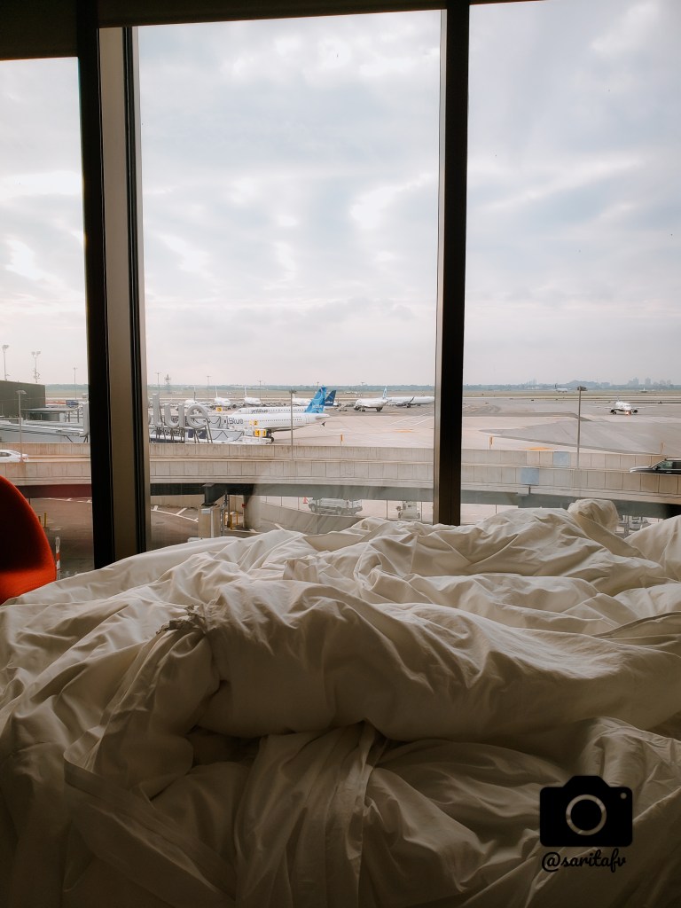 Casi 20 años más tarde, en Mayo de 2019, el edificio reabría como TWA Hotel, convirtiéndose en el primer hotel que se encuentra dentro del complejo del Aeropuerto JFK. Como podréis imaginar, tener un hotel en medio de un aeropuerto con aviones despegando y aterrizando puede ser extremadamente ruidoso. Obviamente, el control de ruido se incluyó en el proyecto de restauración. El hotel cuenta con muros de cortina de vidrio que son los segundos mas gruesos del mundo, justo detrás del muro de la Embajada de los Estados Unidos en Londres. Para que nos hagamos una idea, este nivel de insonorización asegura que las ventanas de ancho completo, del suelo al techo, cancelan el ruido de la pista. Y os lo aseguro, no se oía ni un ruido. Verás los aviones moverse por la pista, despegar…pero en ningún momento oirás nada.
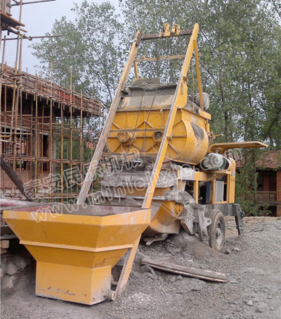 3.攪拌好的混凝土自動反轉(zhuǎn)出料到泵送料斗沿管道輸送到地點。
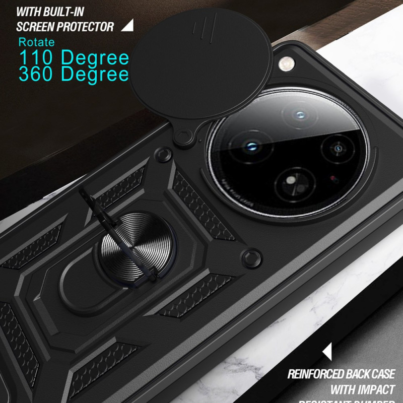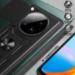 Proteja o seu Infinix Zero 40 5G com esta capa inovadora que inclui uma tampa deslizante para a câmara, um suporte rotativo integrado e uma proteção reforçada de nível militar. Compatível com suportes magnéticos para automóvel.
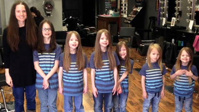 Sau hai năm, đến khi tóc của các bé đều dài gần bằng nhau, cuối cùng 6 anh em đã sẵn sàng để cùng mẹ đi cắt tóc. 7 người trong gia đình đã quyên tặng được 5m tóc vàng.
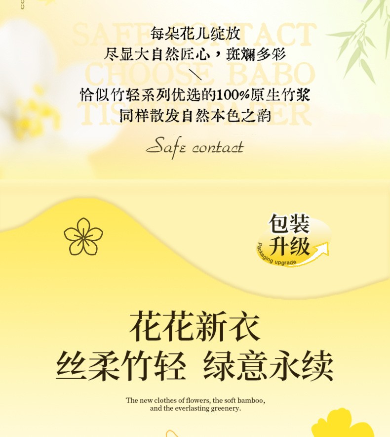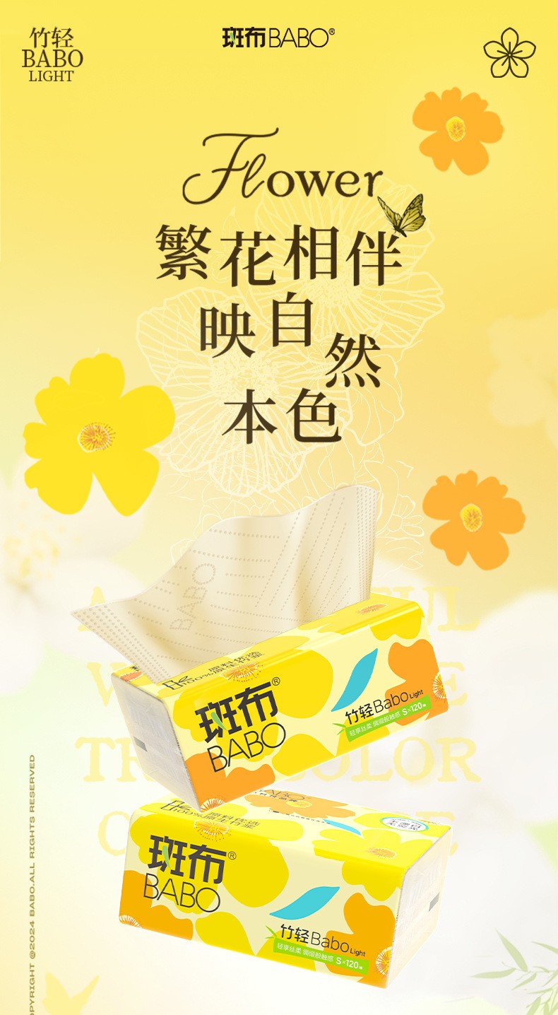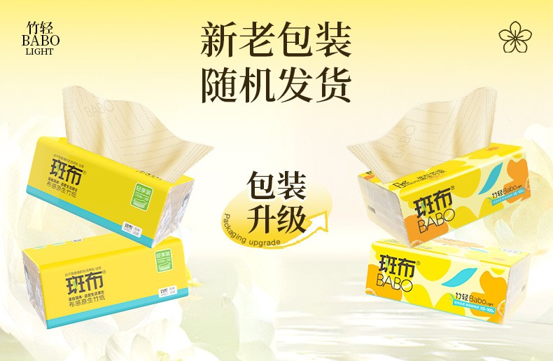 商品名称:BABO/斑布竹轻系列面巾纸抽纸整箱3层100抽*20包

====

TRY IT | Copy all the entries word for word. Omit any pictures.

THE COMPLETED TASK |
 Casi 20 años más tarde, en Mayo de 2019, el edificio reabría como TWA Hotel, convirtiéndose en el primer hotel que se encuentra dentro del complejo del Aeropuerto JFK. Como podréis imaginar, tener un hotel en medio de un aeropuerto con aviones despegando y aterrizando puede ser extremadamente ruidoso. Obviamente, el control de ruido se incluyó en el proyecto de restauración. El hotel cuenta con muros de cortina de vidrio que son los segundos mas gruesos del mundo, justo detrás del muro de la Embajada de los Estados Unidos en Londres. Para que nos hagamos una idea, este nivel de insonorización asegura que las ventanas de ancho completo, del suelo al techo, cancelan el ruido de la pista. Y os lo aseguro, no se oía ni un ruido. Verás los aviones moverse por la pista, despegar…pero en ningún momento oirás nada.
 3.攪拌好的混凝土自動反轉(zhuǎn)出料到泵送料斗沿管道輸送到地點。
 Proteja o seu Infinix Zero 40 5G com esta capa inovadora que inclui uma tampa deslizante para a câmara, um suporte rotativo integrado e uma proteção reforçada de nível militar. Compatível com suportes magnéticos para automóvel.
 Sau hai năm, đến khi tóc của các bé đều dài gần bằng nhau, cuối cùng 6 anh em đã sẵn sàng để cùng mẹ đi cắt tóc. 7 người trong gia đình đã quyên tặng được 5m tóc vàng.
 商品名称:BABO/斑布竹轻系列面巾纸抽纸整箱3层100抽*20包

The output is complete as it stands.